Arthur Corcoran

Biographical details
- Born: February 21, 1910 Medford, Massachusetts, U.S.
- Died: January 9, 1978 (aged 67) Medford, Massachusetts, U.S.

Playing career

Basketball
- 1929–1932: Tufts
- Position(s): Center

Coaching career (HC unless noted)

Basketball
- 1934–1944: Tufts

Head coaching record
- Overall: 95–81

= Arthur Cochran =

American basketball player and coach (1910–1978)

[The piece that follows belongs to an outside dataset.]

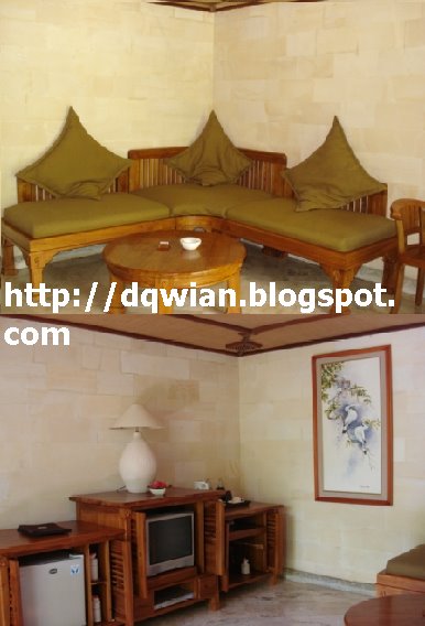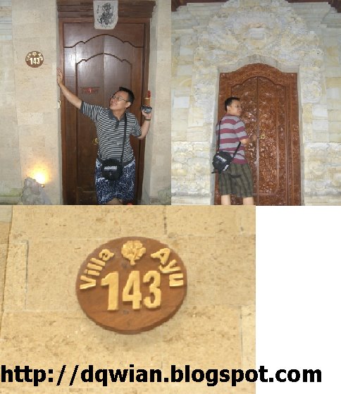 Ternyata tuh, omaigot jalan ke kamarnya itu meni naik2 ke puncak gunung deh. Karena msih berbukit gitu kali yah. Bgitu sampe pintu kamar, lbh ckckck lagi deh. Soalnya pintu itu berlapis dua. Di paling depan ada pintu kayu. Bgitu dibuka ada teras kecil baru deh pintu utama kamarnya. Udah gitu, gemboknya ya ampuuuunnn guede ajah. Kita dapet villaayu no.143.

Arthur Maitland Cochran (February 21, 1910 – January 9, 1978) was an American basketball player and coach who was the head coach at Tufts from 1934 to 1944.

==Playing==
Cochran was born in Medford, Massachusetts and was a standout on the Medford High School basketball team under coaches Arthur Sampson and Ben Beck. He was team captain his senior season. Cochran played center for the Tufts basketball team and was the leading scorer his sophomore year, averaging 9.9 points per game. He was elected team captain for the 1930–31 season. He earned his bachelor of science in civil engineering in 1932 and later earned a Master of Education from the Tufts graduate school.

==Coaching==
In 1934, Cochran was appointed varsity basketball coach at Tufts. In 1944, he entered the United States Navy as a Lieutenant (junior grade) in the ordnance department. He was succeeded in the interim by his brother, Dick Cochran. Cochran was discharged in 1946, but chose to take a full-time position with the United States Veterans Administration rather than return to coaching.

==Later life==
Cochran served as the New England Regional director of the Veterans Administration until 1953, when he was named chief of program control at the Natick Army Labs. He later held the same position at Hanscom Air Force Base.

Cochran retired in 1973 and resided on Mystic Valley Parkway in Winchester, Massachusetts. He suffered a heart attack on Christmas Day 1977 and died of heart failure on January 9, 1978, at Lawrence Memorial Hospital of Medford.